We know that water resources have a finite capacity to support development and land use changes.
- 95% of the worlds water is saltwater
- 5% is freshwater. Of this freshwater:
- 69% is found in ice
- 30% is found in groundwater
- less than 1% of the Earth’s water consists of surface water, only 1% of this is renewed by snow melt and rain each year
Source: Environment Canada, 2009
As executive director of an organization that works to protect our freshwater in Canada, this can be an overwhelming task. Development decisions are often made based on economics and politics and not always on what is in the best interest of our water and land. Our system to protect our freshwater in Canada is broken and it can be overwhelming for us to think about when we are trying to influence change on a large scale.
How do we make people realize the critical times we are in when it comes to protecting this precious resource? We have so little freshwater available to us and we all need to take responsibility for it now, not once we have surpassed the critical tipping point.
I was listening to an old interview on the radio with science fiction writer Dr. Isaac Asimov and he was talking about why people don’t respond to Science and all of the predictions about future disasters. In his book Our Angry Earth (1991), he writes “It is already too late to save our planet from harm. Too much has already happened,” “the only choice we have left is to decide how much worse we are willing to let things get” This does sound very dramatic and perhaps a little pessimistic but it got me thinking about why people aren’t standing up and demanding that our freshwater comes first, before economics….before industry? We know that our freshwater is a finite resource and that we can’t live without clean, sustainable water. So why is it so difficult to get people to take action?
I really had to reflect on this and the only answer that makes sense to me is that most people are not willing to change until change is upon them.
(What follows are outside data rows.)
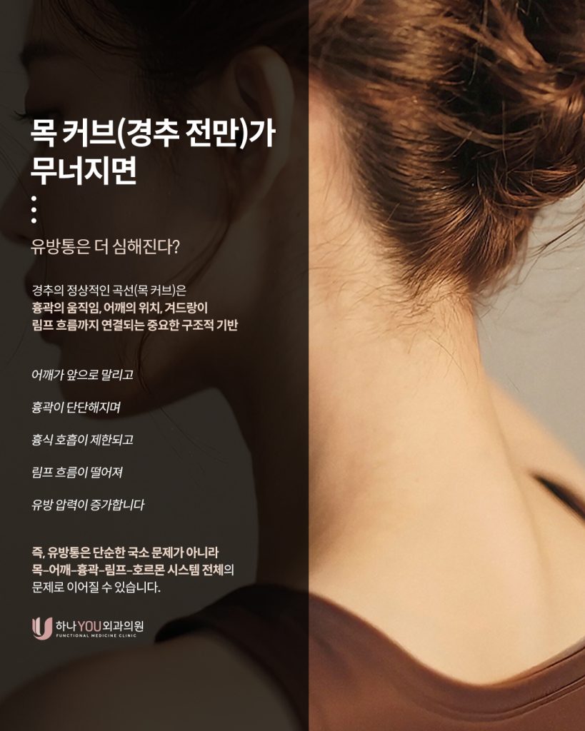 흔히 부산유방통을 설명할 때 유방과 겨드랑이만 생각하기 쉽지만, 실제로는 목 커브(경추 전만)가 중요한 역할을 합니다.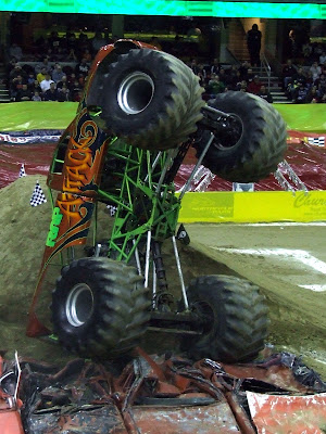 Rap Attack, known for spectacular wheelies, stood the truck straight up and down and began to walk the truck over the cars. However, Rappach got a bit tripped up and the truck took a soft roll onto the side of the FMX hill, suffering minor body damage. The judges were unimpressed, giving Rappach an extremely low 15.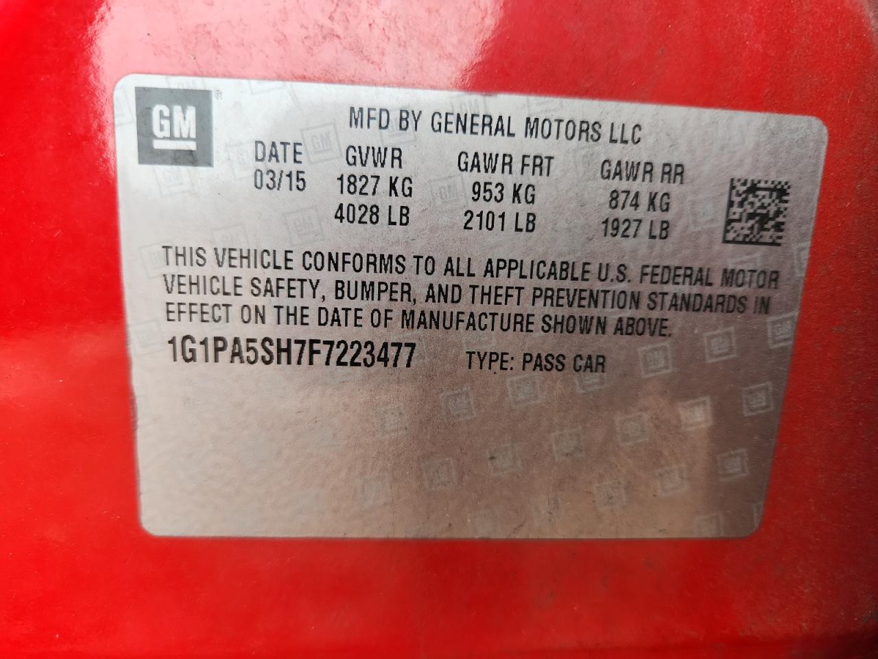 Цвет КрасныйЦилиндры 4VIN 1G1PA5SH7F7223477Состояние НеизвестноПовреждение Передняя или задняя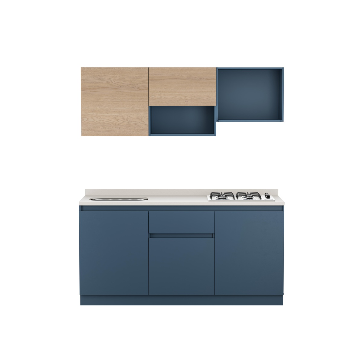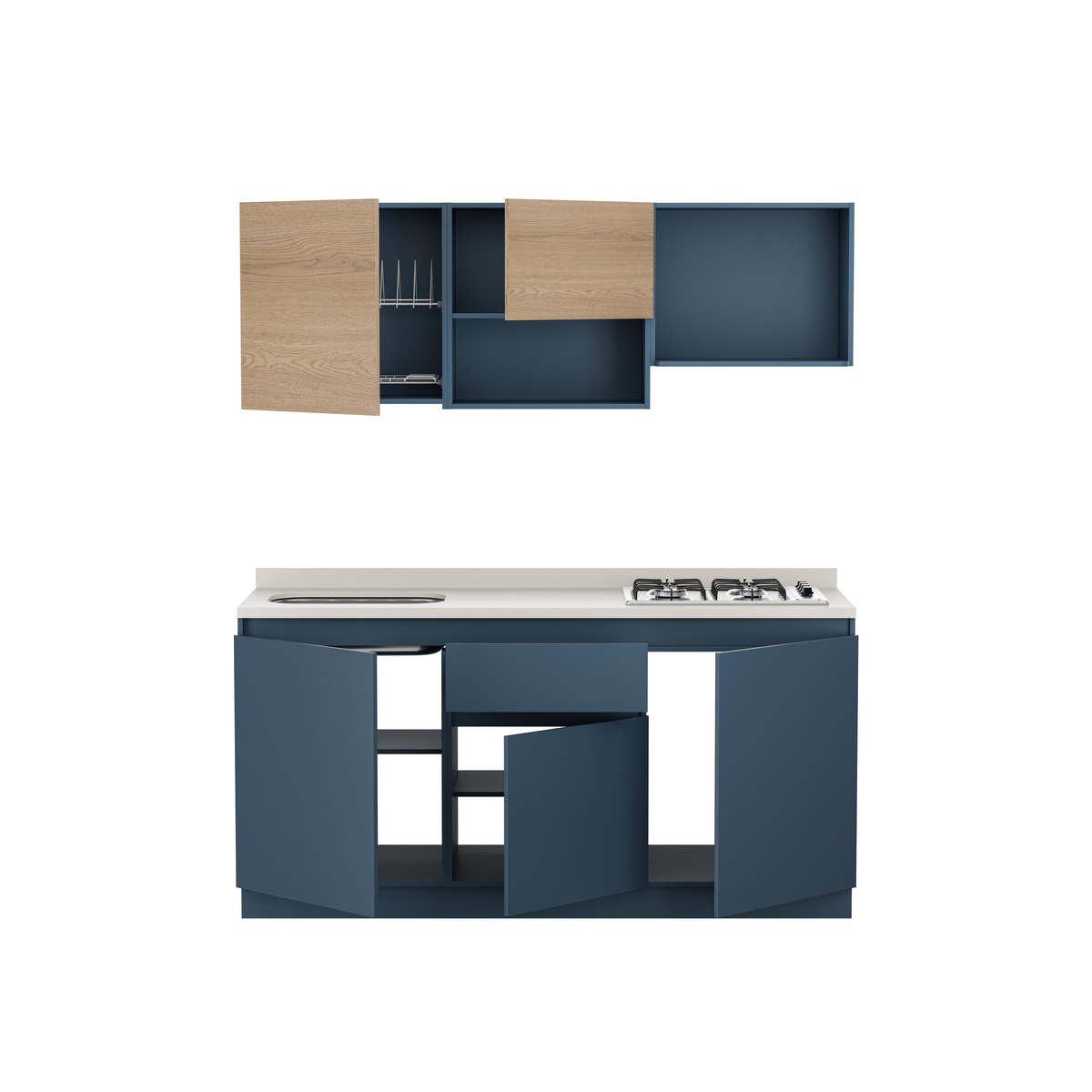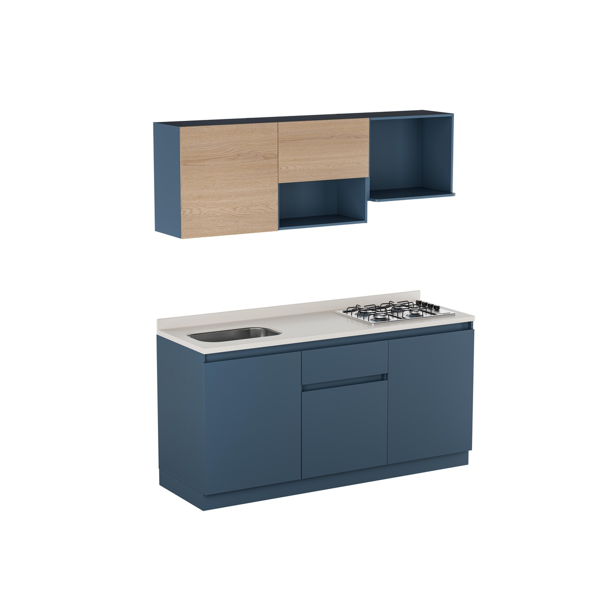 Descubre la Cocina Provenza Plus que combina a la perfección estilo y funcionalidad. Con un diseño contemporáneo en azul y madera clara, este conjunto incluye gabinetes superiores e inferiores, una encimera blanca con estufa a gas de cuatro quemadores y un fregadero integrado. Ideal para cualquier cocina moderna, este conjunto no solo optimiza el espacio, sino que también añade un toque de elegancia. ¡Renueva tu cocina y disfruta de un espacio único y funcional!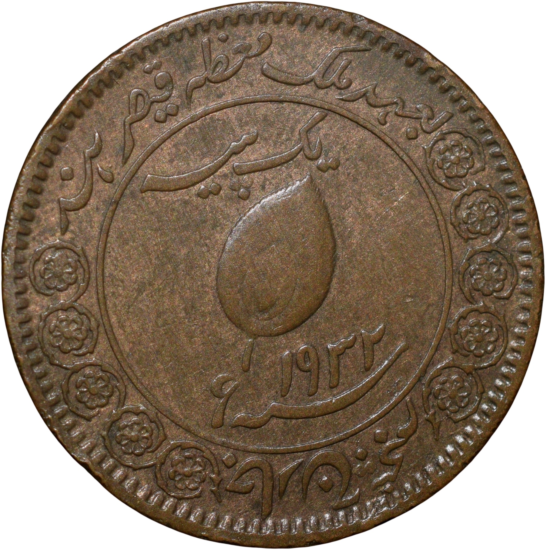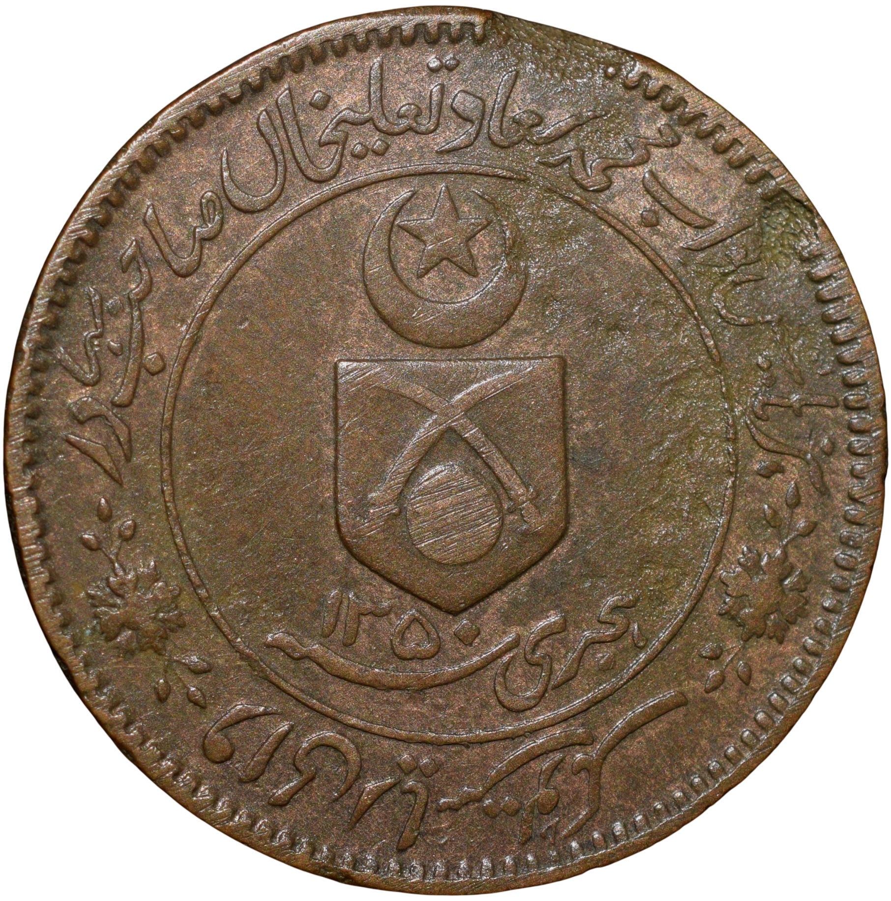 Tonk State, Muhammad Sa’adat Ali Khan (AH1349-1368/1930-1949AD), Copper Pice/Paisa, Obv: Persian Inscription, Date, Shield & Emblem, Rev: Leaf in Centre, Persian Inscription, Date & Denomination, 4.79 Gms, 21.11mm, (KM # 29a), Small Flan Type, Very Fine, Scarce.
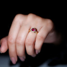 This Created Ruby Antique Ring will make you feel regal. Featuring a round-cut created ruby surrounded by a Diamond halo, with Diamond accents on the shank and gold beading, it is a vintage-inspired piece of jewelry fit for a queen or king. Made of solid gold, it is a stunning choice for those who want to add a touch of elegance to their look.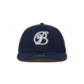 NEW ERA に別注をかけた LP 9FIFTY 仕様のメッシュキャップ。 フロントに "B" エンブレム、バックにスクリプトタイプのブランドネームの刺繍が入る。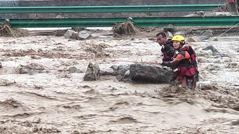 8月21日,乌海市出现强降雨天气,据气象部门统计,截至21日18时,最大累积降雨量为49.2毫米。受降水影响,乌海市城区内低洼路段和地势较低区域出现多处道路积水,人员被困等险情,当地消防部门接到报警后,第一时间组织救援力量参与救援,营救被困群众(如图)。当日消防部门共出动14车78人,营救被困人员18人,此次强降水未造成人员伤亡。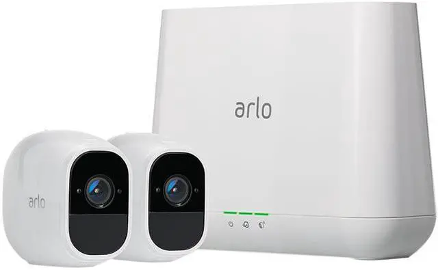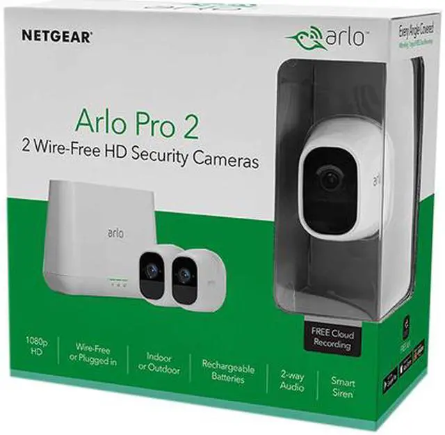 2 x Wire-Free HD Cameras with Audio 2 x Rechargeable batteries 1 x Camera power adapter 1 x Camera power cable 1 x Base station with a built in siren 1 x Ethernet cable 2 x Wall mounts 1 x Wall mount screw set 1 x Quick start guide 1 x Window decal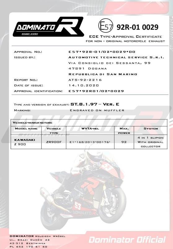 Dominator Εξάτμιση Τελικό GP Black S.Steel Kawasaki Z 900 2020 – 2024 Με Προδιαγραφές Θορύβου(Περιλαμβάνει Σιγαστήρα)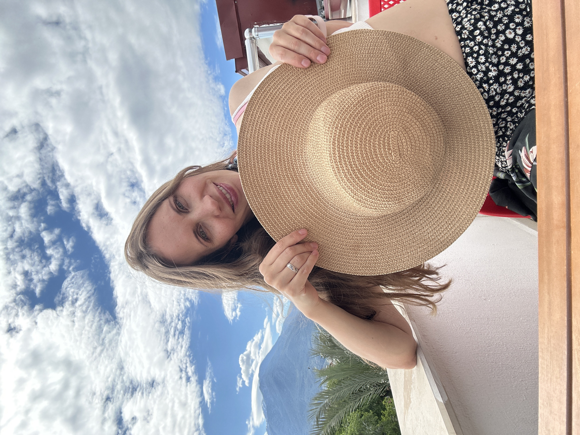 A woman with long brown hair and fair skin holds a large straw hat. She stands on a balcony. Behind her is a blue sky with white clouds, a mountain, and green trees. The woman wears a silver ring on her left hand. A building with a red roof can be seen in the upper left. The environment suggests a warm, sunny day in a location with mountainous terrain. The scene is likely set in Fethiye, Turkey, as indicated by the city name.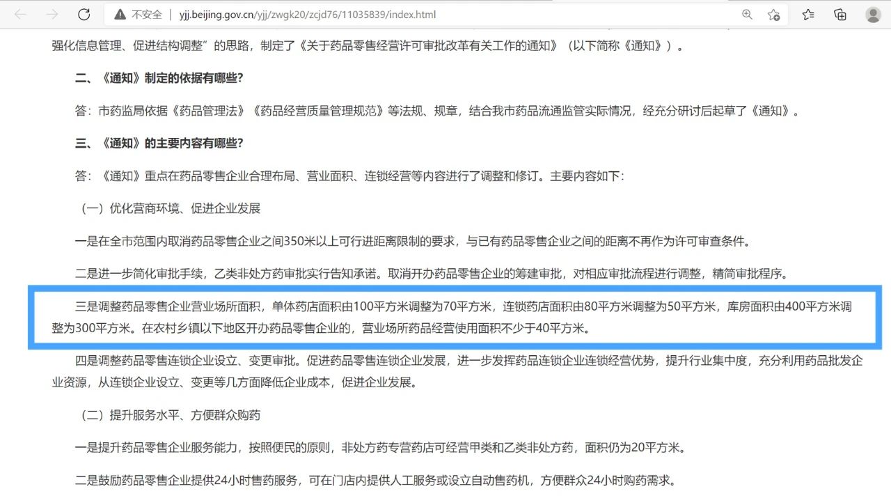 该市行政审批局也表示:“对药品零售企业经营场所面积的规定,一直是限制药店发展的重要因素之一,且不利于药店下沉乡(镇)市场,服务更多基层群众。”

Like my kids for example. When asked to do something really hard or most likely boring (in their eyes), they often procrastinate until that critical point when the consequences are “real” and right in front of them and that is usually when they realize that I REALLY meant it. If they don’t want to be in bed early then they better get moving and they realize they can’t ignore the issue anymore.
Protecting our water is a ‘big picture’ issue for people. It is hard for people to put themselves into the “we need to act now” situation when they are removed from it. Kind of like Climate Change, we have been talking about this for years…but until this is no longer a big picture issue we don’t relate to it and it doesn’t hit home for us. When you see the impacts in your backyard it means something to us, it is no longer a big picture threat that is happening elsewhere. It is now happening to me and then it is upon us. Ask someone who can’t swim in their lake due to Blue Green Algae Blooms, it is then very personal. They fight. What are we going to do about it…..It is so much easier to change when something is upon us…
So the question is: How do we make people see that the time is now to take action rather than waiting for things to get personal. Until we figure out the magic solution to that question…I shall continue to do the best that I can every day to help protect one of Canada’s most precious resources-our water.